Copy the listing below in full and skip every picture.

Data:
###
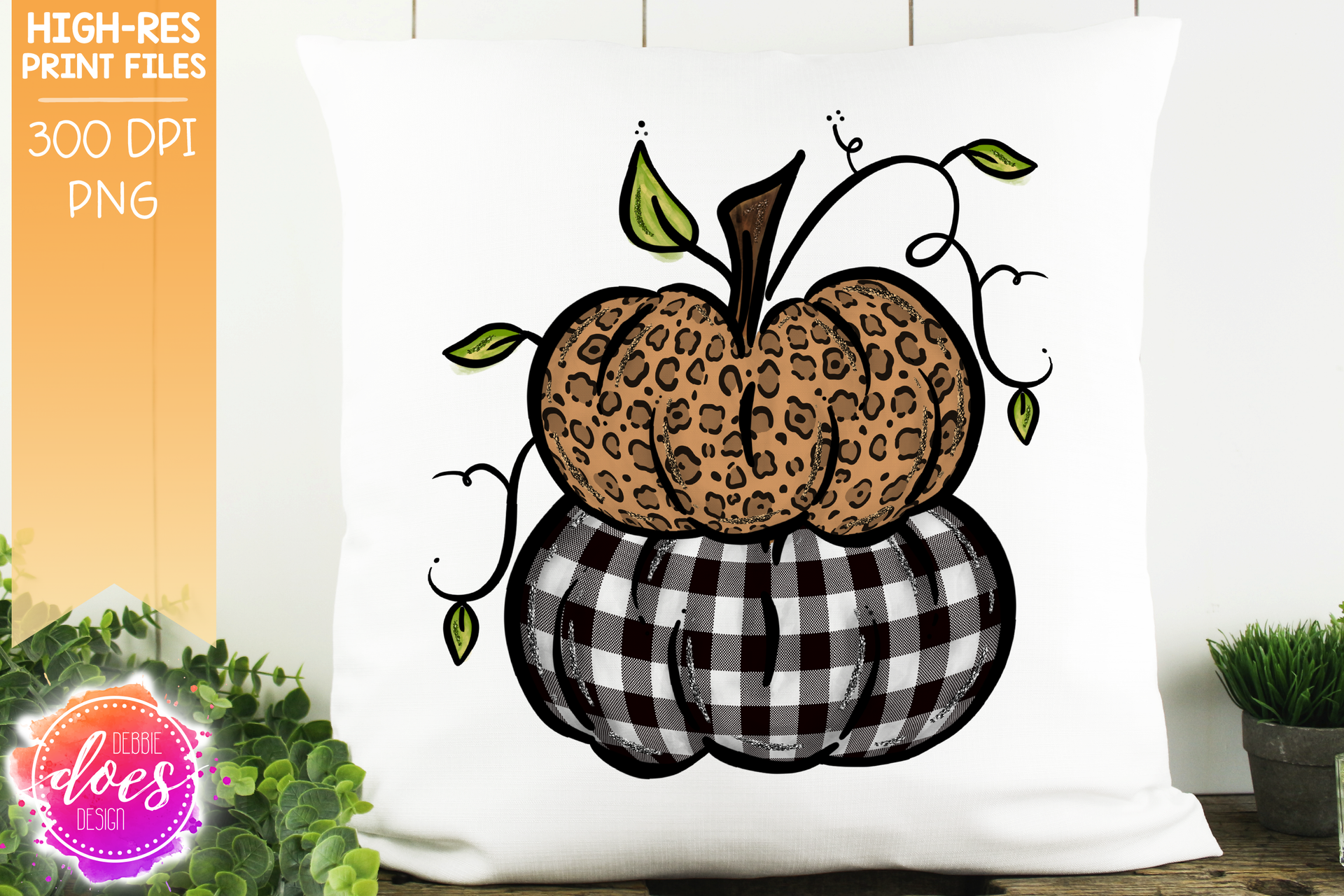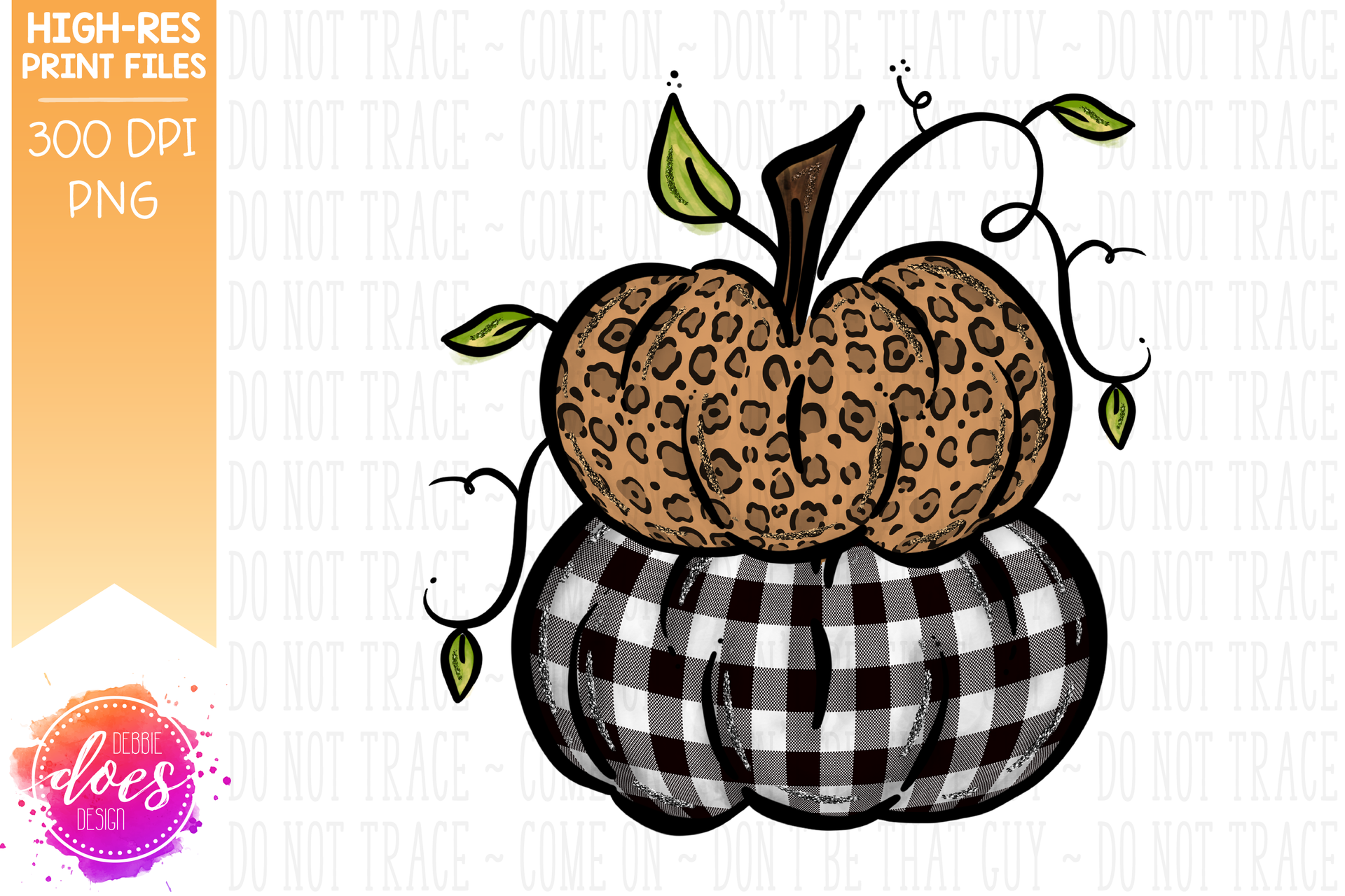 Leopard & White Plaid Stacked Pumpkins - Printable/Sublimation File
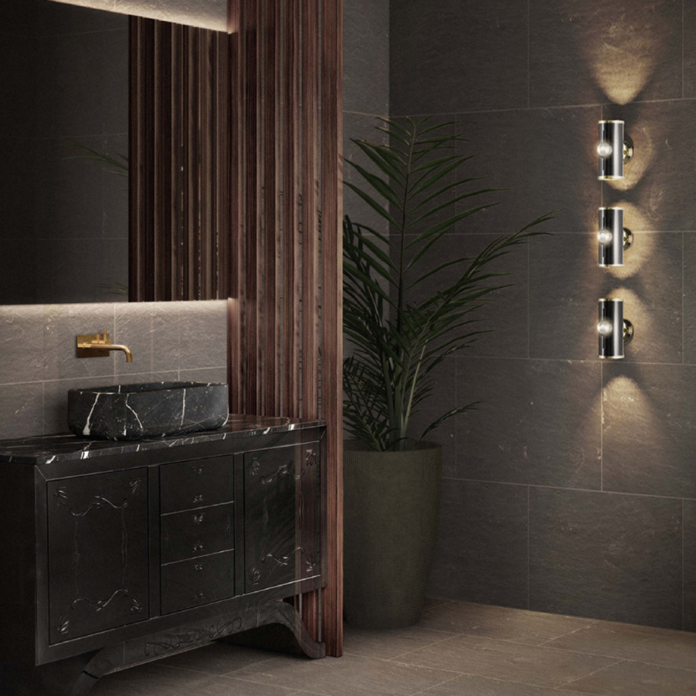 Black lacquered mirror and nero marquina marble.
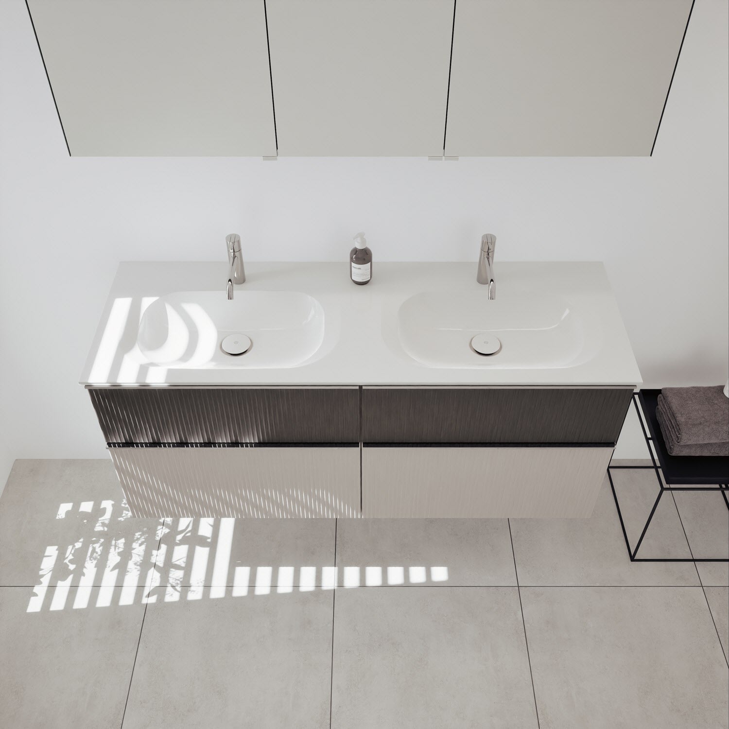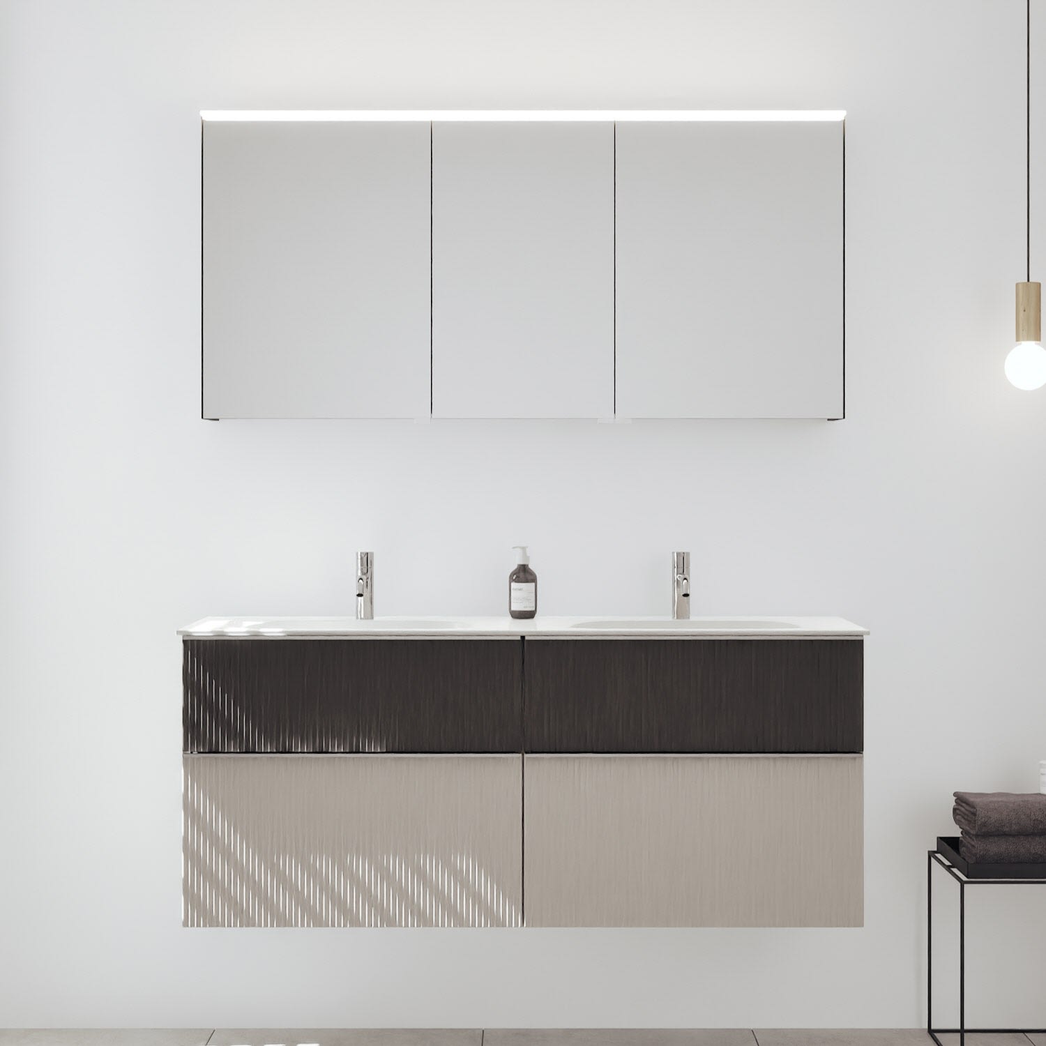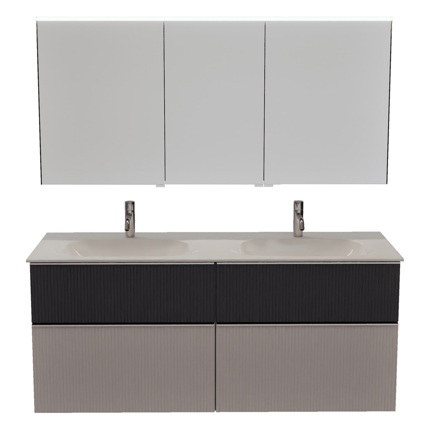 burgbad Fiumo 2.0 Badmöbelset 142 cm mit Waschtisch mit Unterschrank mit Griff G0146 und Spiegelschrank
###
Exercise answer:
 Leopard & White Plaid Stacked Pumpkins - Printable/Sublimation File
 Black lacquered mirror and nero marquina marble.
 burgbad Fiumo 2.0 Badmöbelset 142 cm mit Waschtisch mit Unterschrank mit Griff G0146 und Spiegelschrank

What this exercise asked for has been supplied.